In the workplace, sturdy leadership means making difficult decisions—such as policy changes or restructuring—and sticking to them, even when the team is unhappy. It involves saying, "I know this change is difficult and you are frustrated. That makes sense. However, this is the decision we have made for the long-term health of the company, and I know we can get through this transition."

"I hear everyone screaming back there. That makes sense... And I know what I'm doing. This turbulence, though it scares you, it doesn't scare me."

This approach avoids the trap of "consensus management" where leaders try to make everyone happy to avoid discomfort. True leadership requires the ability to tolerate the disappointment of others while remaining capable and calm.

Boundaries vs. Requests

A common friction point in management is the misunderstanding of boundaries. Leaders often say, "I set a boundary that they need to turn in reports on time," but then get frustrated when the behavior continues. Dr. Becky clarifies that if the outcome depends on the other person acting, it is a request, not a boundary.

A boundary is what you will do, requiring the other person to do nothing.

If an employee repeatedly disrespects a meeting time, a request is: "Please stop being late." A boundary is: "We start meetings at 9:00 AM sharp. If you arrive after 9:05, the door will be closed, and we will catch you up via email later."

This empowers the leader. You are no longer waiting for the other person to change for you to feel effective. You are taking control of the environment and your own actions. While this may cause temporary friction (or a "tantrum"), it clarifies expectations and protects the leader's energy.

Resilience Over Happiness

There is a prevailing cultural trend to optimize for happiness and comfort. However, Dr. Becky argues that optimizing for happiness often leads to fragility. Resilience is the ability to tolerate a wide range of emotions—disappointment, jealousy, frustration—without collapsing.

When a team member is struggling with a difficult project, the instinct might be to save them (do the work for them) or minimize their feelings ("It's not that big of a deal"). Both approaches rob the individual of the opportunity to build resilience.

The Formula: "I Believe You" + "I Believe In You"

To build a resilient workforce, leaders must inhabit a specific space: one foot in the hole with the struggling person (empathy) and one foot out (confidence).

  • I believe you: Validate the difficulty. "It makes sense that you are overwhelmed. This is a massive project and the timeline is tight."
  • I believe in you: Affirm their capability. "I also know you are capable of figuring this out. I’m here to support you, but I’m not going to take this off your plate because I know you can get to the other side of this."

This combination allows the employee to feel seen while also feeling the confidence of their leader. It reframes the struggle as a manageable challenge rather than an impossible threat.

Conclusion

Whether in a family or a Fortune 500 company, the mechanics of human connection remain constant.

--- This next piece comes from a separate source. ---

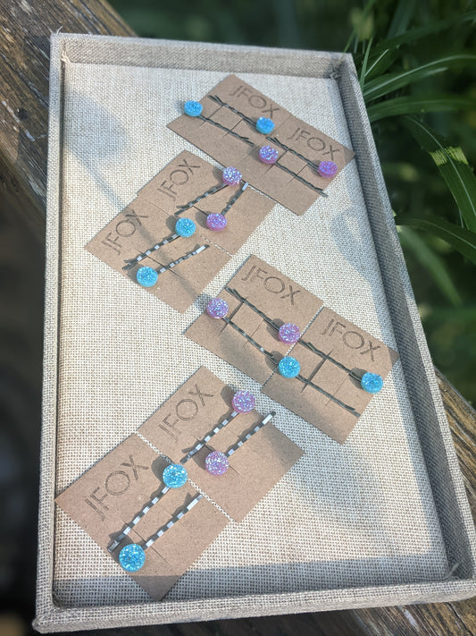 Juego de 2 horquillas con drusa azul eléctrico
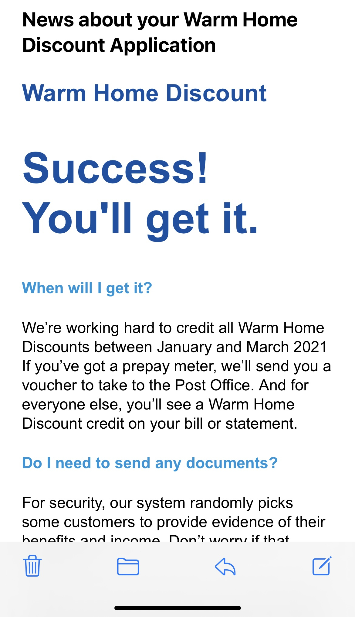 A bit if background. January this year I applied for the warm home discount through British Gas, in the week that followed I received 2 emails, I saying my application has been successfully submitted, then another saying SUCCESS YOU WILL GET IT. Followed by dates I will get it by and a reference number to "keep for my records". Fast forward 6 months. I have chased British Gas for this several times and this morning after another long wait on the phone I was told that there are 3 steps to claiming the warm home discount. 1-apply online, 2-get an email saying your application was successful and you will get it, 3- if your 'chosen' by British Gas you will be sent a letter by end of March, as I didn't get the letter it means I wasn't 'chosen'. Has anyone else had experience like this?

We all desire to be led by people who are sturdy, who see the good in us even when we struggle, and who care enough to hold boundaries. By adopting the "Good Inside" lens, leaders can move away from reactive, judgment-based management toward a style that fosters psychological safety, resilience, and genuine growth.

To start applying this today, Dr. Becky suggests a simple "360-degree review" question to ask your team (or your family): "If I could do one thing differently this week to be a better leader for you, what would it be?" The answer might be hard to hear, but receiving it with curiosity rather than defensiveness is the first step toward sturdy leadership.